We’ve faced our share of threats as well. In 2018, a developer sought to build a sprawling mix of 1,000 single-family luxury homes in the bucolic Evergreen foothills of San Jose, in contravention of our General Plan. The company spent $6 million to place Measure B on the ballot and to urge voters to approve what it mischaracterized as the “Evergreen Senior Homes Initiative.” With a badly underfunded but heartily spirited coalition of environmental organizations, neighborhoods, and community groups, we defeated Measure B, and then enacted Measure C, which sharply limits development in the hillsides and rural edges of the city.
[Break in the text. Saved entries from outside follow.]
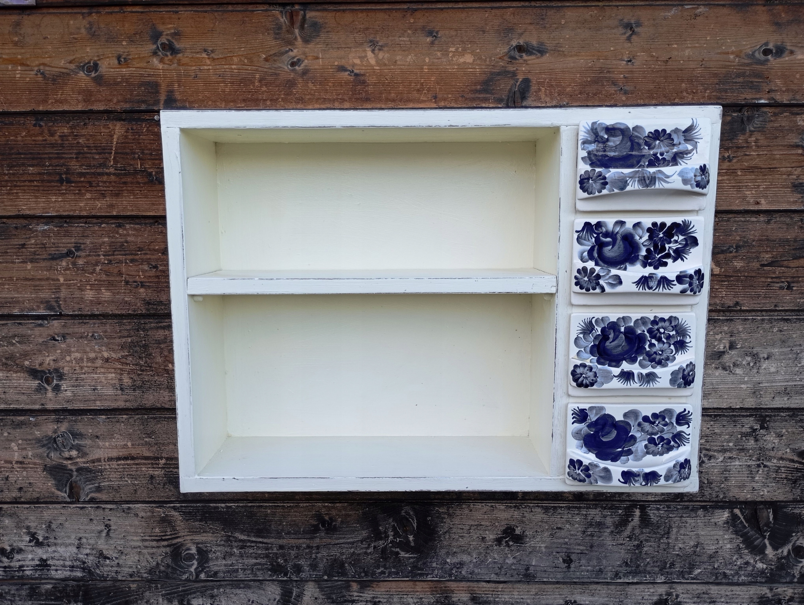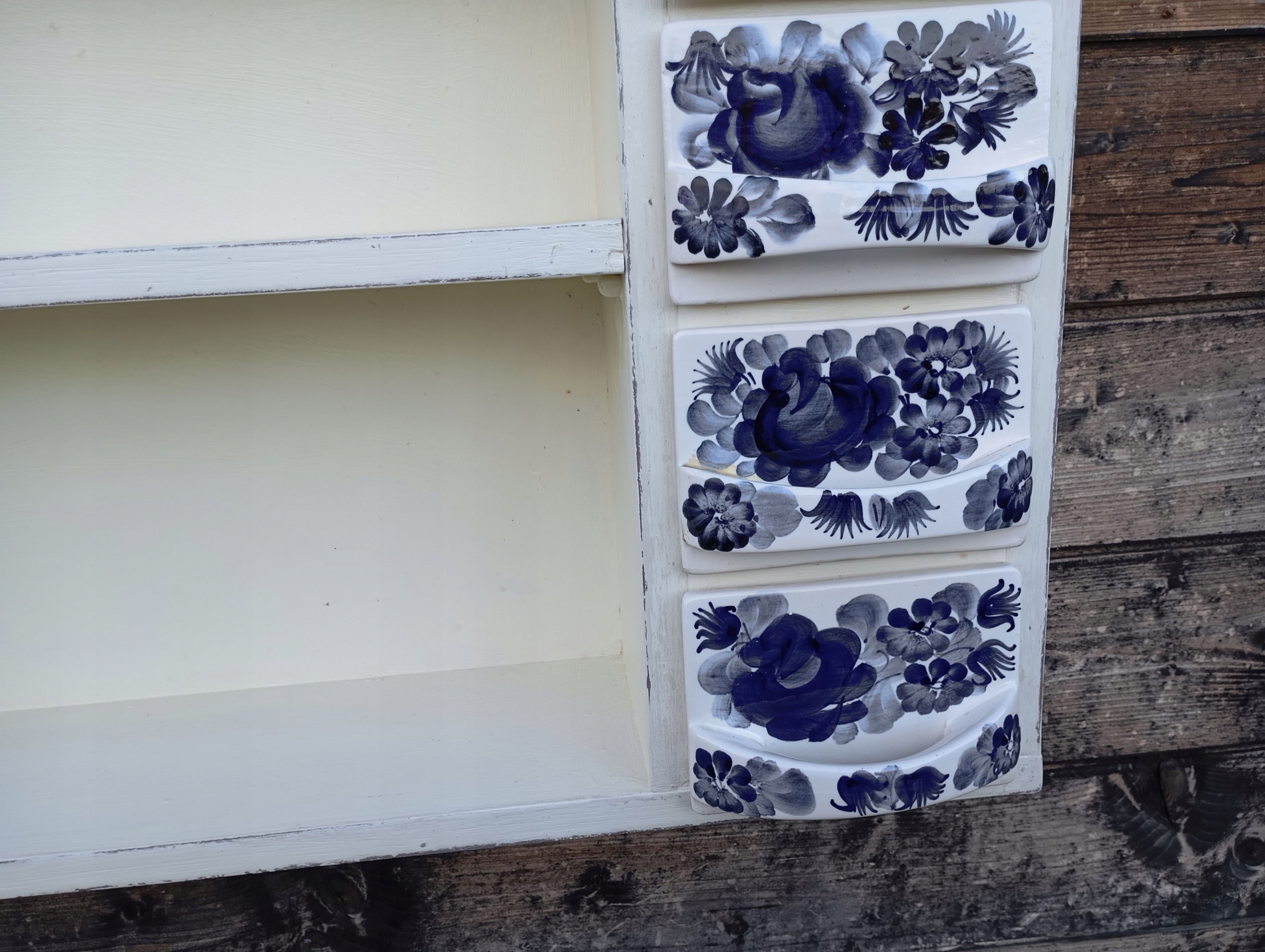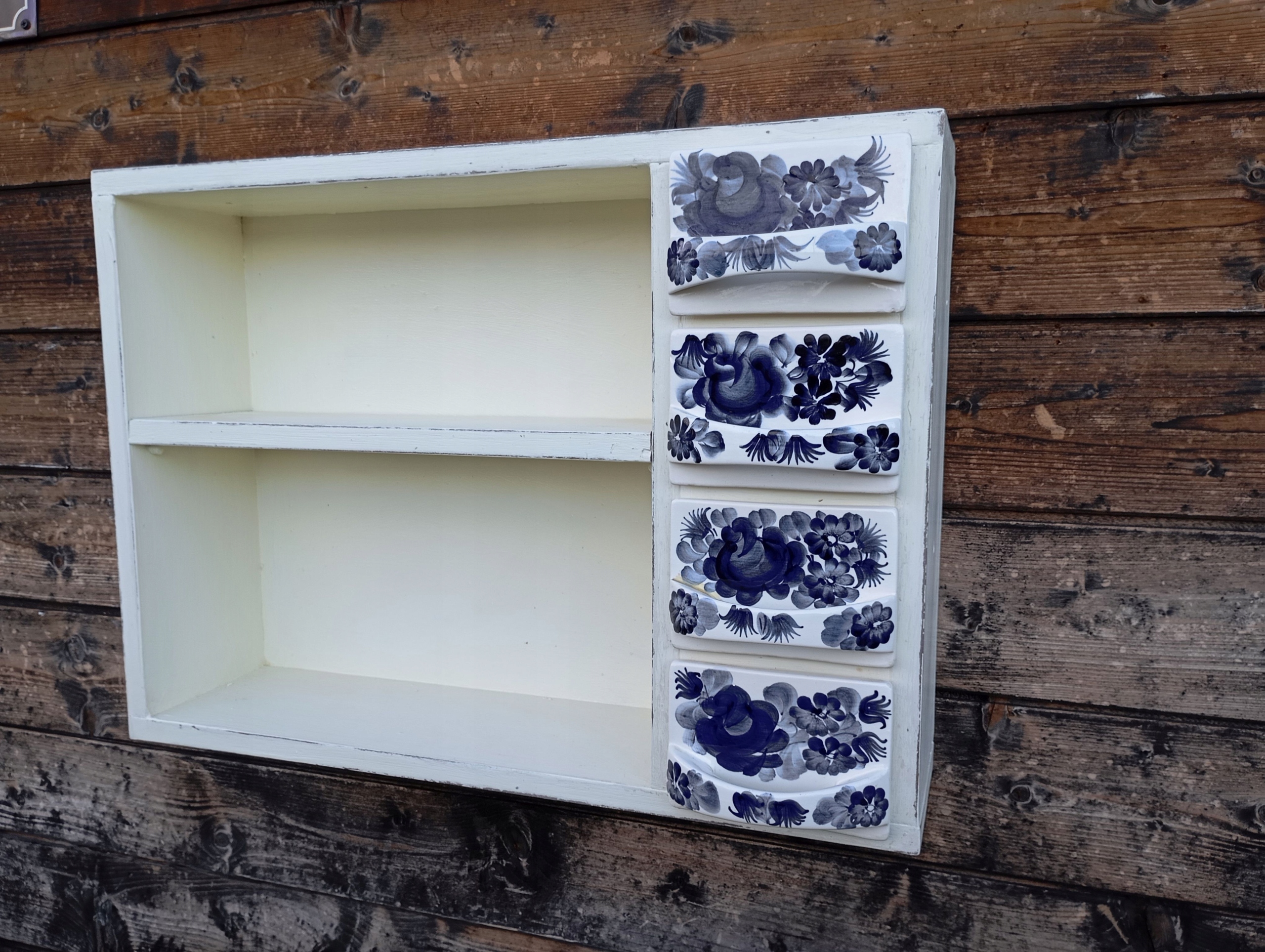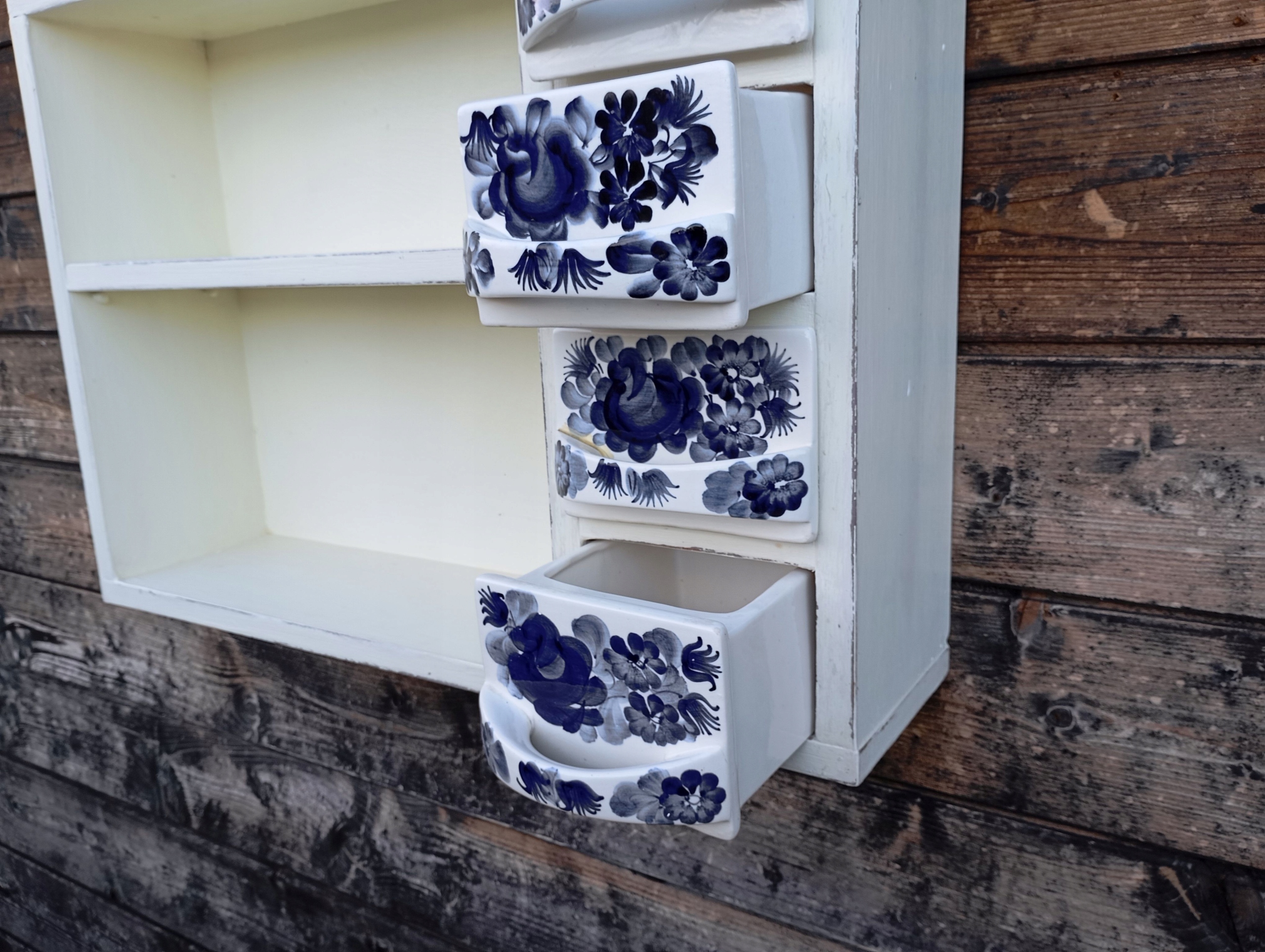 STARA MALOWANA PÓŁKA SZAFKA Z CERAMICZNYMI SZUFLADKAMI WŁOCŁAWEK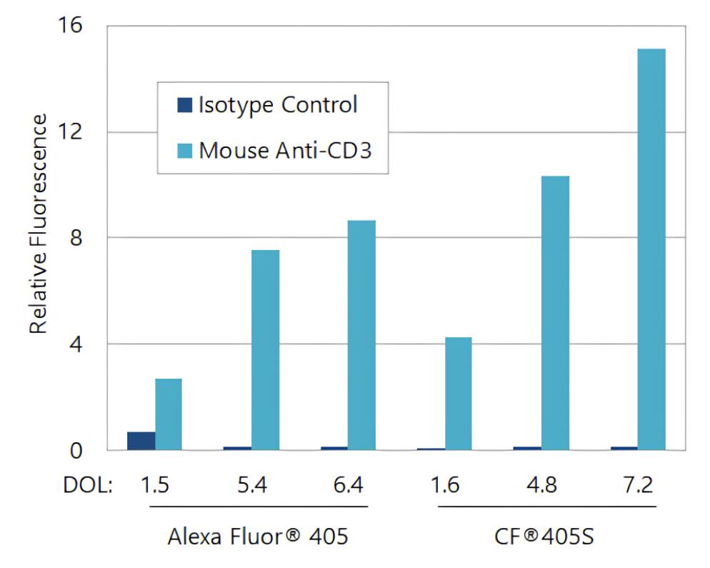 CF®405S is a blue fluorescent dye with an absorption peak wavelength matching the 405 nm blue diode laser line (Figure 1). In addition, the emission peak wavelength of the dye is well-centered within the blue detection window of BD flow cytometers. As a result, flow cytometry analysis using CF®405S dye results in much brighter signal than that using Alexa Fluor® 405 (Figure 2). CF®405S also has been validated in super-resolution imaging by SIM.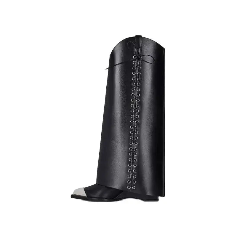Bold and glamorous, these knee-high boots feature metallic pointed toes, rivet details, and cross-lacing for a striking statement look. The sleek wedge heel adds height and confidence—perfect for evening events or fashion-forward outings.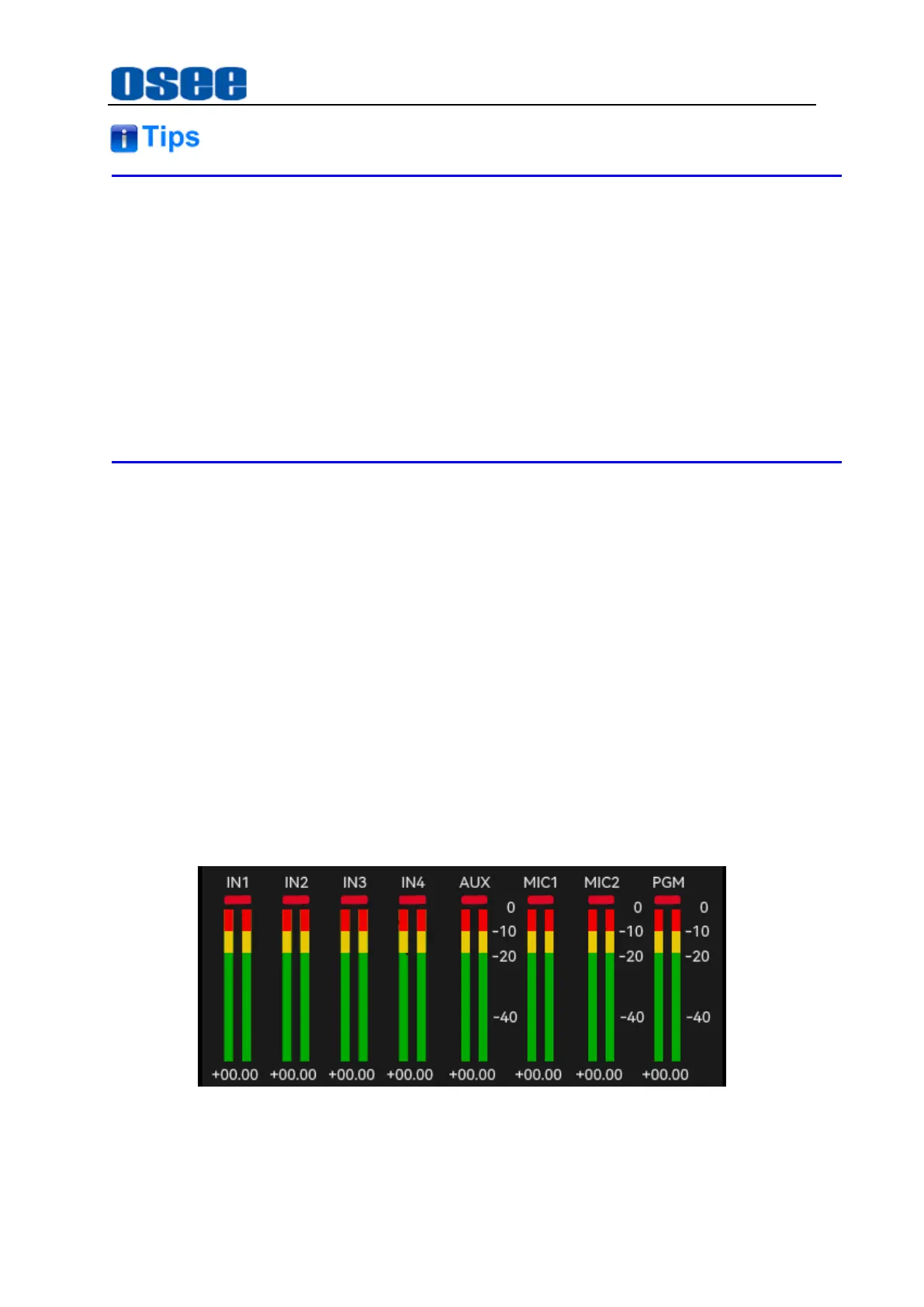 HDMI4, AUX, MIC1, MIC2 and PGM. You can monitor the audio inputs and the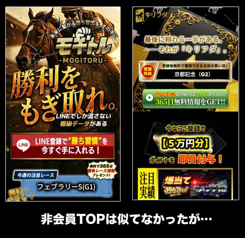 これまで調べてきた情報と、モギトルの会員登録後にも得た情報などを元に考えると、以下の競馬予想サイトがモギトルのグループサイトとして考えられる。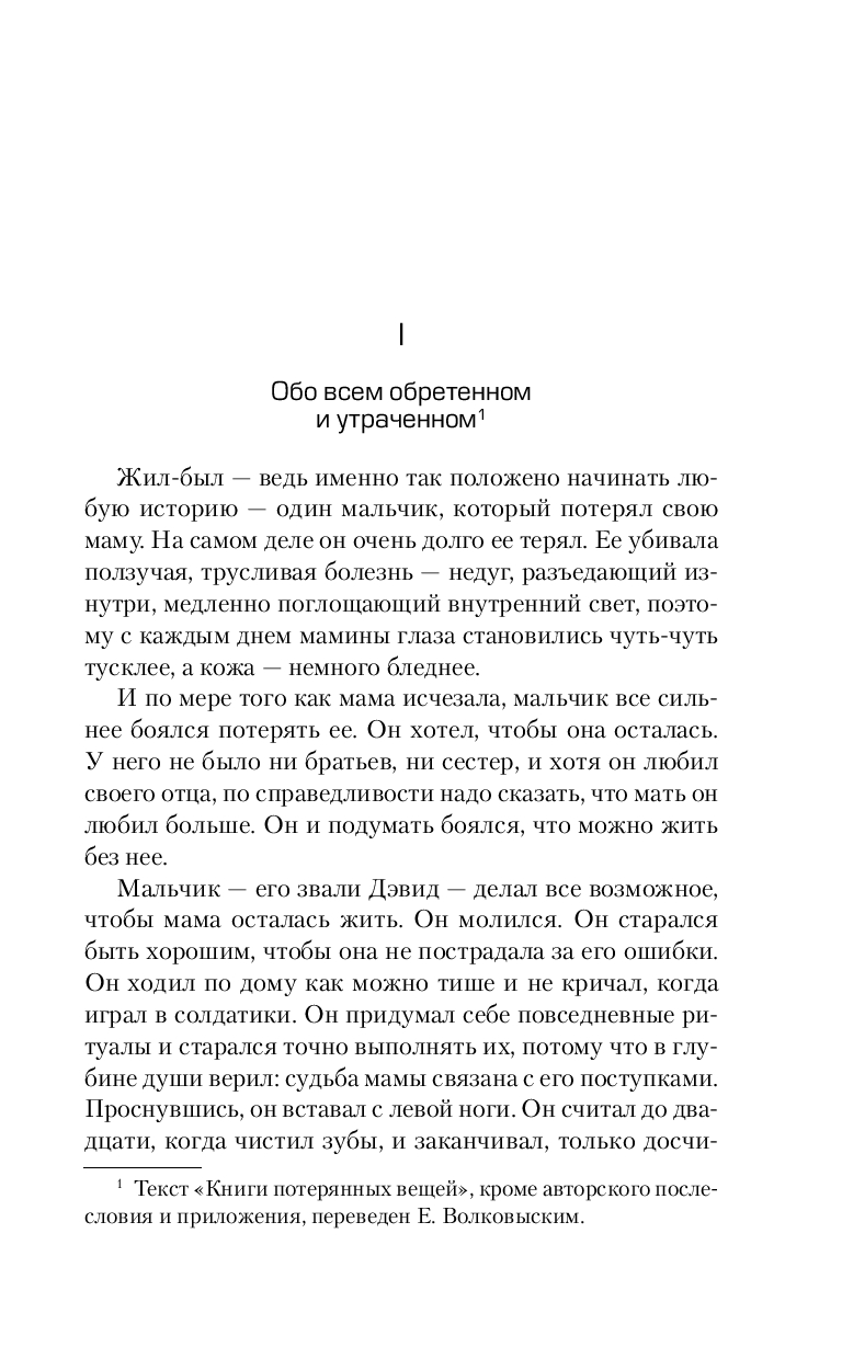 И пока в Европе бушует Вторая мировая война, Дэвид переносится в страну, оказавшуюся странным, пугающе реальным отражением нашего мира. Страну, сплетенную из мифов и историй, населенную волками, похожими на людей, и людьми, которые хуже волков. Страну, где правит увядший король, хранящий свои секреты в легендарной "Книге потерянных вещей"...

In approving Measure C, our voters protected San Jose against future attempts by developers to mislead the electorate with similarly hare-brained developments.
Through all of these efforts, and many others, we’ve come together as a community. I’d venture to suggest that we’ve accomplished more to protect our planet than any other American city during this time. Of course, we have much more work to do. Our shared history of success should embolden us to get it done.